Data entries:
◆ ◆ ◆

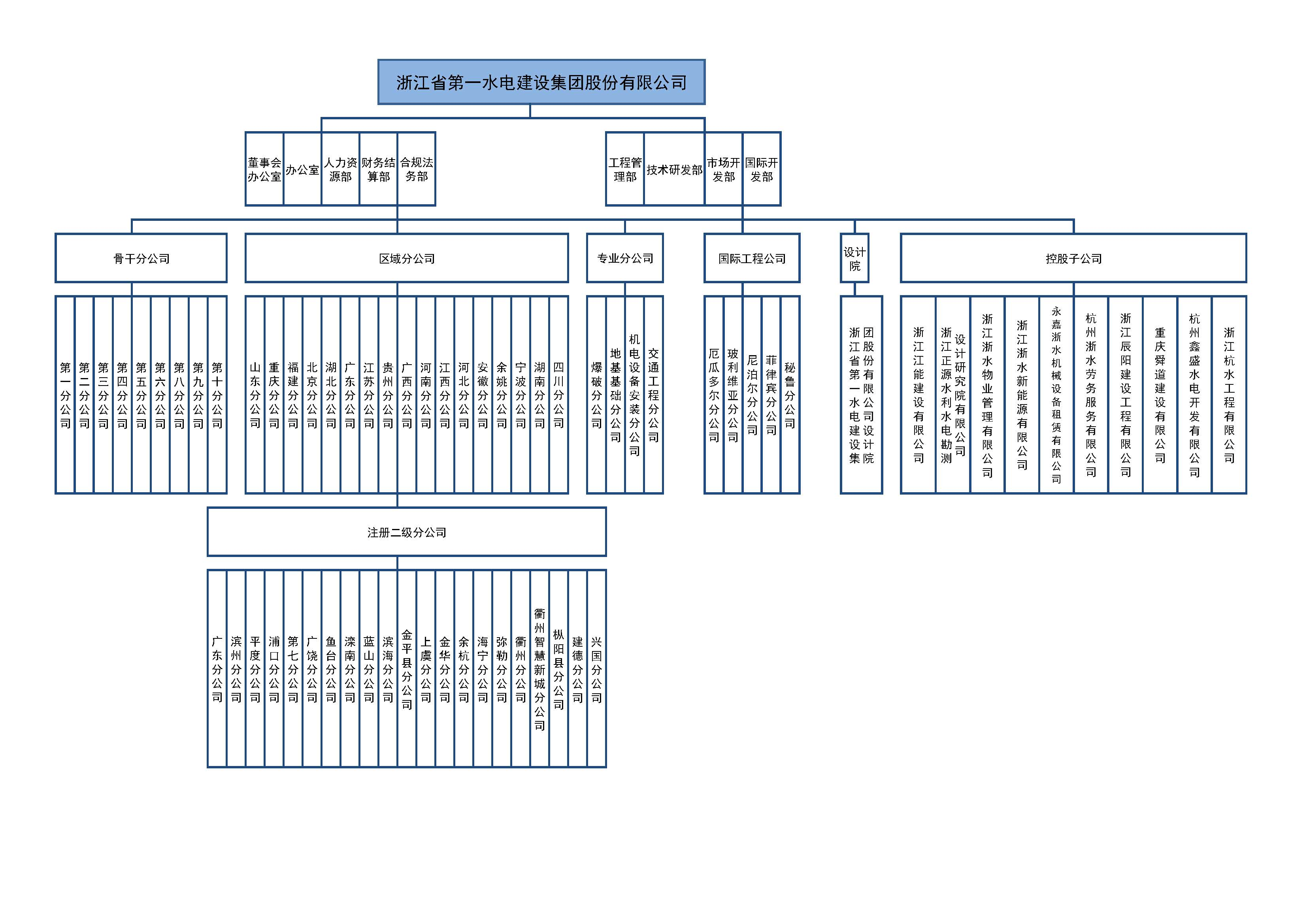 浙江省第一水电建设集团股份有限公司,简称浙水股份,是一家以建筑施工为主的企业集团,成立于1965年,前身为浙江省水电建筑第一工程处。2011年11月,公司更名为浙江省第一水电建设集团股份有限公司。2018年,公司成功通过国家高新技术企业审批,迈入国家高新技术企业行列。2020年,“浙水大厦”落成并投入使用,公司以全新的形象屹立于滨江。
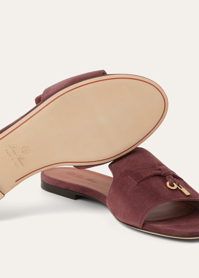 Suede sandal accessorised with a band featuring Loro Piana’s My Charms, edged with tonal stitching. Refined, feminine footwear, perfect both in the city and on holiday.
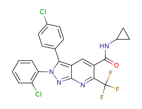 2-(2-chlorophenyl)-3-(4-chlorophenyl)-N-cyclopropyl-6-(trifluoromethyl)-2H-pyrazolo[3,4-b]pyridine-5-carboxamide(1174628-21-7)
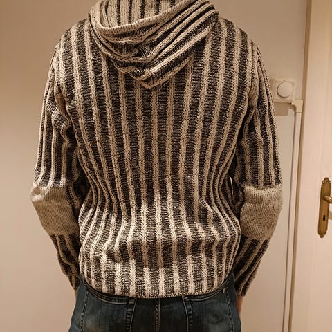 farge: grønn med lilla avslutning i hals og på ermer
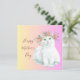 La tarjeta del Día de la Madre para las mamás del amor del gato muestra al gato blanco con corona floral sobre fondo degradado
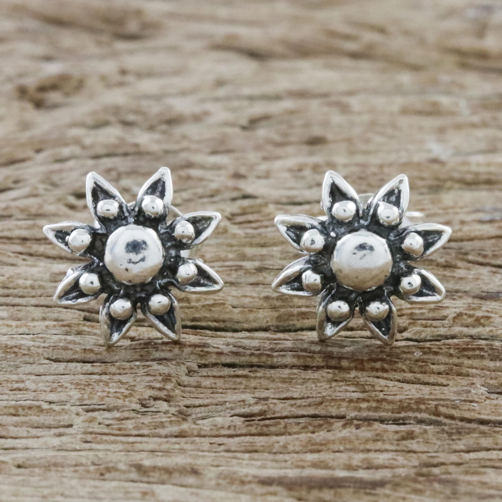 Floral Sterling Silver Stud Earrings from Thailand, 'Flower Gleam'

◆ ◆ ◆

**Your task**
Your answer must be an exact copy of the lines from the start of the entries through the line with "Suede sandal accessorised", with no pictures.

**Reply to the task**
 浙江省第一水电建设集团股份有限公司,简称浙水股份,是一家以建筑施工为主的企业集团,成立于1965年,前身为浙江省水电建筑第一工程处。2011年11月,公司更名为浙江省第一水电建设集团股份有限公司。2018年,公司成功通过国家高新技术企业审批,迈入国家高新技术企业行列。2020年,“浙水大厦”落成并投入使用,公司以全新的形象屹立于滨江。
 Suede sandal accessorised with a band featuring Loro Piana’s My Charms, edged with tonal stitching. Refined, feminine footwear, perfect both in the city and on holiday.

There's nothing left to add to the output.